+++ RECORDED DATA +++
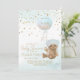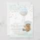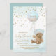 Ein Babybär, der einen blauen Ballon mit der Formulierung "wir können kaum warten" hält. Simulierter Glitzer.
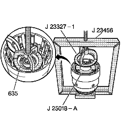 adapter , and compress the overrun clutch spring assembly using J 23456 - clutch pack compressor.
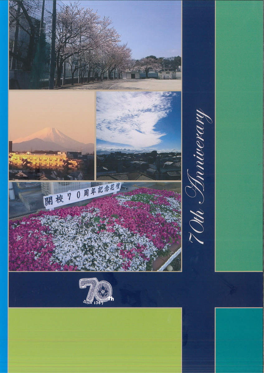 屋上からや校舎から見える表情を撮った写真をデザインしました。70は生徒から募集したロゴデザインです。
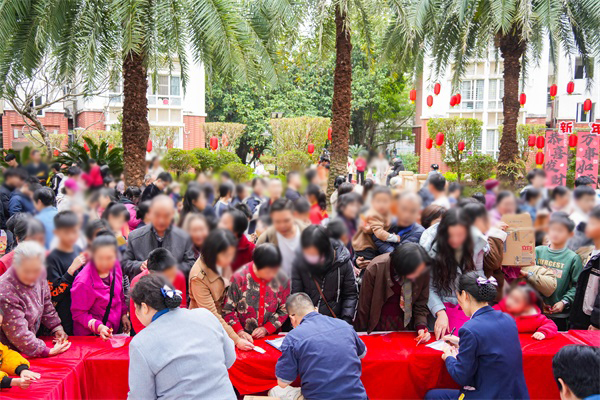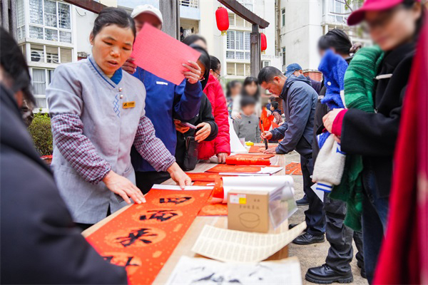 与此同时,多个小区特邀书法老师现场挥毫,免费为业主书写春联。红纸铺展,墨香四溢,一副副满载祝福的春联传递到业主手中。不少业主感慨,手写春联比印刷品更有温度,也让传统年俗在社区里生动延续。
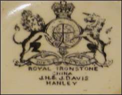 However in the late 19th and early 20th century many potters who did not have a Warrant (both in England and also foreign firms) also used the Arms (or some similar design) as part of their mark - to gain some sense of importance and value.In the same way many potters used the name "Royal" as part of their name or trade mark as in 'Royal Patent', 'Royal Ironstone China' - even though they have no Royal connection.
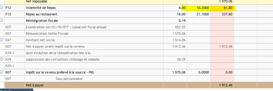 Je souhaite mettre en place pour une salariée le versement d’indemnités de restauration sur lieu de travail d’un montant de 10.20 euros sur chaque jour travaillé (donc 7.40 euros qui seront non soumis, montant urssaf, et le reste remontant en haut de bulletin). Savez-vous comment faire ?
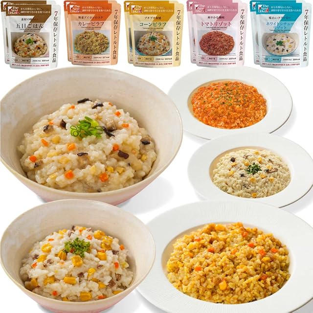 内容:・7年保存レトルトご飯 五目ご飯×2袋、コーンピラフ×2袋、カレーピラフ×2袋、トマトリゾット×2袋、ホワイトシチューリゾット×2袋・スプーン ×10本 内容量:1袋230g、スプーン(1袋に1本) サイズ:1袋160×190m
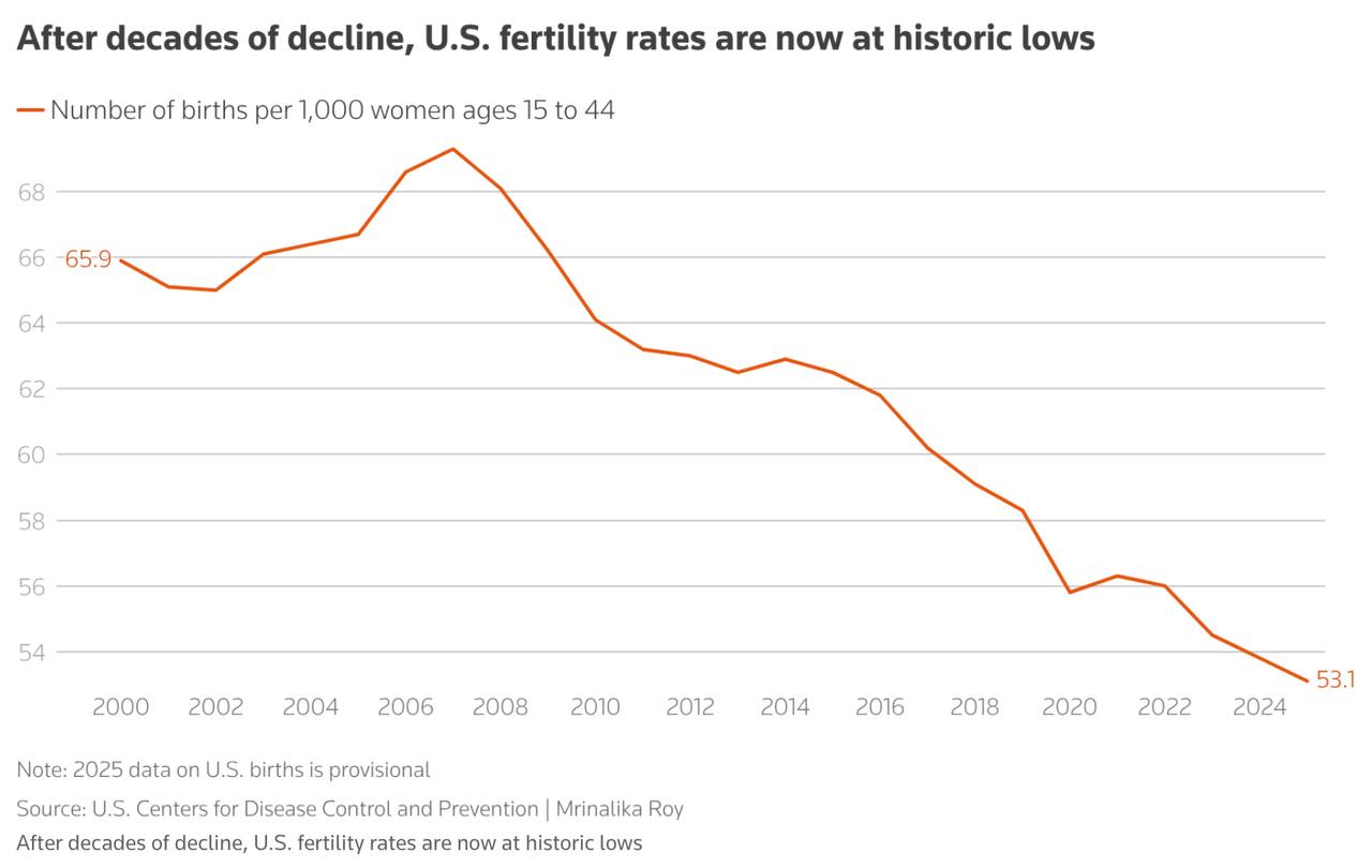 Будни демографического кризиса. Уровень рождаемости в США продолжает быстро падать. В 2025 году индекс фертильности сократился до рекордно низкого показателя в 1,57 ребёнка на одну женщину. За последние восемнадцать лет рождаемость в Америке упала на четверть.
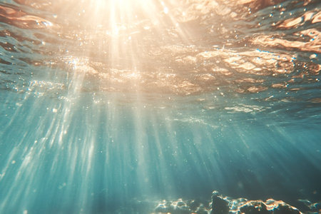 Sunbeams illuminate the crystal-clear turquoise water, creating a mesmerizing spectacle of light and shadow beneath the surface, offering a glimpse into the serene beauty of the underwater world
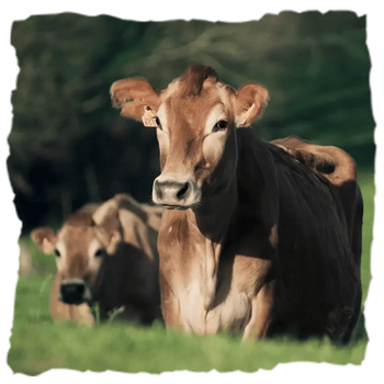 Las vacas de raza Jersey son una especie vacuna de pelaje marrón y carácter dócil. Son reconocidas por la alta calidad de su leche, tanto en grasa como en proteína. Pueden alcanzar un peso de hasta 450 kilos y producen aproximadamente 14 kilos de leche al día. Criadas especialmente para el pastoreo, se alimentan casi todo el año de hierba fresca, hierba seca y cereales, evitando los ensilados. Esto contribuye a la obtención de una leche única para la elaboración de sus quesos.
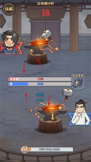 4、與其他角色進行打鐵比拼,通過快速打鐵積累進度,在比拼倒計時結(jié)束前,盡可能提升自己的進度占比。
+++
THE TASK: The answer must be the lines from the first one in the records through the line containing "与此同时,多个小区特邀书法老", copied exactly, with no pictures.

RESULT FOR THIS EXERCISE:
 Ein Babybär, der einen blauen Ballon mit der Formulierung "wir können kaum warten" hält. Simulierter Glitzer.
 adapter , and compress the overrun clutch spring assembly using J 23456 - clutch pack compressor.
 屋上からや校舎から見える表情を撮った写真をデザインしました。70は生徒から募集したロゴデザインです。
 与此同时,多个小区特邀书法老师现场挥毫,免费为业主书写春联。红纸铺展,墨香四溢,一副副满载祝福的春联传递到业主手中。不少业主感慨,手写春联比印刷品更有温度,也让传统年俗在社区里生动延续。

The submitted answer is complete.